Perusahaan Magnum Ice Cream (MICC) mencatatkan laba inti semester pertama yang melampaui ekspektasi analis pada 30 Juli. Pemangkasan biaya sejak pemisahannya dari Unilever (UL) di tahun 2025 mendorong hasil tersebut, bersamaan dengan lonjakan permintaan saat musim panas akibat gelombang panas untuk Ben & Jerrys.
Pendapatan mencapai €4,7 miliar, naik dari €4,5 miliar pada periode yang sama tahun lalu, dengan pertumbuhan penjualan organik 4,7% di seluruh wilayah. EBIT yang telah disesuaikan meningkat 7,5% menjadi €716 juta, namun biaya pemisahan menyebabkan laba bersih turun menjadi €349 juta.
Ben & Jerrys Mendorong Awal Musim Panas yang Panas
Ben & Jerrys memimpin pertumbuhan di seluruh portofolio. Pertumbuhan melonjak tajam begitu musim panas dan gelombang panas tiba di Eropa. Varian baru berbentuk stik dan sandwich menarik pembeli baru ke merek ini, baik di Amerika maupun di Eropa.
Disponsori
Disponsori
“Ben & Jerrys tumbuh di kisaran tengah satu digit dan meraih kuartal kedua yang luar biasa dengan pertumbuhan 9,2%.”
Peter ter Kulve, CEO perusahaan, memuji model operasional yang mengutamakan lini terdepan dalam sebuah pernyataan terkait hasil tersebut. Temperatur panas yang terus-menerus di Eropa sudah mengangkat saham-saham pendingin berbasis gelombang panas musim panas ini, dan tren itu kini juga terjadi pada produk beku.
Magnum, Cornetto, dan Heartbrand juga mencatatkan pertumbuhan. Keempat merek inti menunjukkan momentum positif, sementara Yasso, lini es krim tinggi protein milik perusahaan, tetap tumbuh dengan laju dua digit. Pola ini mencerminkan tren musiman yang juga terjadi pada sejumlah saham AS yang perlu dipantau pada Juli ini.
Pemangkasan Biaya Magnum dan Kenaikan Produktivitas Dongkrak Margin
Program produktivitas yang diluncurkan pada tahun 2024 menghasilkan penghematan sebesar €90 juta selama semester pertama, sebagian besar berasal dari rantai pasok. Pengurangan limbah dan penggunaan pabrik yang lebih efisien turut berkontribusi. Sementara itu, pergeseran modal kerja yang menguntungkan akibat pemisahan dari Unilever hampir menggandakan Arus Kas Bebas menjadi €273 juta.
Pembiayaan mandiri mendorong kenaikan biaya keuangan bersih menjadi €72 juta, dibandingkan hanya €10 juta pada tahun sebelumnya. Perubahan ini sejalan dengan latar belakang tingkat suku bunga tinggi yang juga disorot oleh keputusan The Fed di bulan Juli untuk menahan suku bunga tetap, yang mengguncang pasar obligasi dan mengerek biaya pinjaman jangka panjang ke level tertinggi dalam beberapa tahun.
Meski begitu, laba yang melampaui ekspektasi ini tetap melanjutkan tren musim panas di mana berbagai perusahaan mengungguli perkiraan Wall Street. Hal ini mengikuti pencapaian Robinhood dan kejutan laba Intel pada musim ini, meski reaksi investor beragam.

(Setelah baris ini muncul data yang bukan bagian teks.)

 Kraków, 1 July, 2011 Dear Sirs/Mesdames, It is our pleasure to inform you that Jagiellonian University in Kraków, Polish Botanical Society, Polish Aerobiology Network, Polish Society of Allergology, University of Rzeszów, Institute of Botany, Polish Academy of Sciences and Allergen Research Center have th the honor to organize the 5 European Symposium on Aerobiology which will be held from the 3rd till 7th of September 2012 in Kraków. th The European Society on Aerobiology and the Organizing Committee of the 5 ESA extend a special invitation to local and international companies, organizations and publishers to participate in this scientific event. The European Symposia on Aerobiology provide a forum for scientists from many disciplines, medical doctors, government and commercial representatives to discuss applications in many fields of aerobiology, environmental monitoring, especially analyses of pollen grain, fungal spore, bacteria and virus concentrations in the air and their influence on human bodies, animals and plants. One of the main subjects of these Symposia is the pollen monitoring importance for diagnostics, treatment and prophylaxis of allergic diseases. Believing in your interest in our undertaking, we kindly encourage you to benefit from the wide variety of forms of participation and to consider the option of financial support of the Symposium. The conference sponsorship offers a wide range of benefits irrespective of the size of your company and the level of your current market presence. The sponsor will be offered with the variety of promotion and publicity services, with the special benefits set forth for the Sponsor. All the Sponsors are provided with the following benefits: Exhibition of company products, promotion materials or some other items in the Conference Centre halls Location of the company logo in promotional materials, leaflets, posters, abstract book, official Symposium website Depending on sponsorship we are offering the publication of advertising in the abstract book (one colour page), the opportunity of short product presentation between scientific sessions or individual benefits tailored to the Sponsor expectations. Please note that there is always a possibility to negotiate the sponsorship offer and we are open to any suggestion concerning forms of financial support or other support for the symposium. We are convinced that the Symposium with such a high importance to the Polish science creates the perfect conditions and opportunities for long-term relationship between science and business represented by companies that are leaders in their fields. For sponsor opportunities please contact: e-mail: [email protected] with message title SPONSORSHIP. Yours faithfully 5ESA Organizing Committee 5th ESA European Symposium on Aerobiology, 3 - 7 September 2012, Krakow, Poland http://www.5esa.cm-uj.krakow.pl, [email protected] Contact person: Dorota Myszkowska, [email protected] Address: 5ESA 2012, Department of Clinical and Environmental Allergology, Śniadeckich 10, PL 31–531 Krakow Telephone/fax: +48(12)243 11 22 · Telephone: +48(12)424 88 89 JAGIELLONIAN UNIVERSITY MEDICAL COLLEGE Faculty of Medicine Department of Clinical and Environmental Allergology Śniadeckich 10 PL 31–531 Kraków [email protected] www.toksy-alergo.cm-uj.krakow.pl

Grafik Saham Magnum Ice Cream Co. N.V. | Sumber: TradingView
Saham Magnum Ice Cream (EURONEXT: MICC) diperdagangkan di kisaran €16,16 menjelang pengumuman laporan, naik sekitar 19% sepanjang tahun dan mendekati rekor tertinggi di €16,74 yang dicapai pada 7 Juli. Saham ini naik secara konsisten sejak menyentuh titik terendah sekitar €11 di akhir April, dan grafik menunjukkan tren kenaikan masih terjaga hingga hari pengumuman hasil.

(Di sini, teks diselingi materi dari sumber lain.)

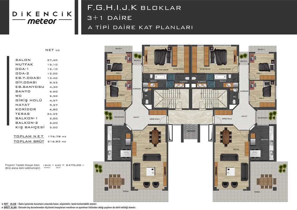 • Brüt Alan: 220 m2

Manajemen menegaskan kembali proyeksi pertumbuhan penjualan organik sepanjang tahun sebesar 3% hingga 5%. Perusahaan kini memasuki puncak permintaan musim panas dengan momentum yang tetap terjaga. Belum lagi adanya proses peninjauan antimonopoli terkait praktik lemari pendinginnya di Turki yang menambah aspek regulasi yang perlu dipantau.
Kuartal berikutnya akan membuktikan apakah panas musim ini dan disiplin biaya dapat terjada.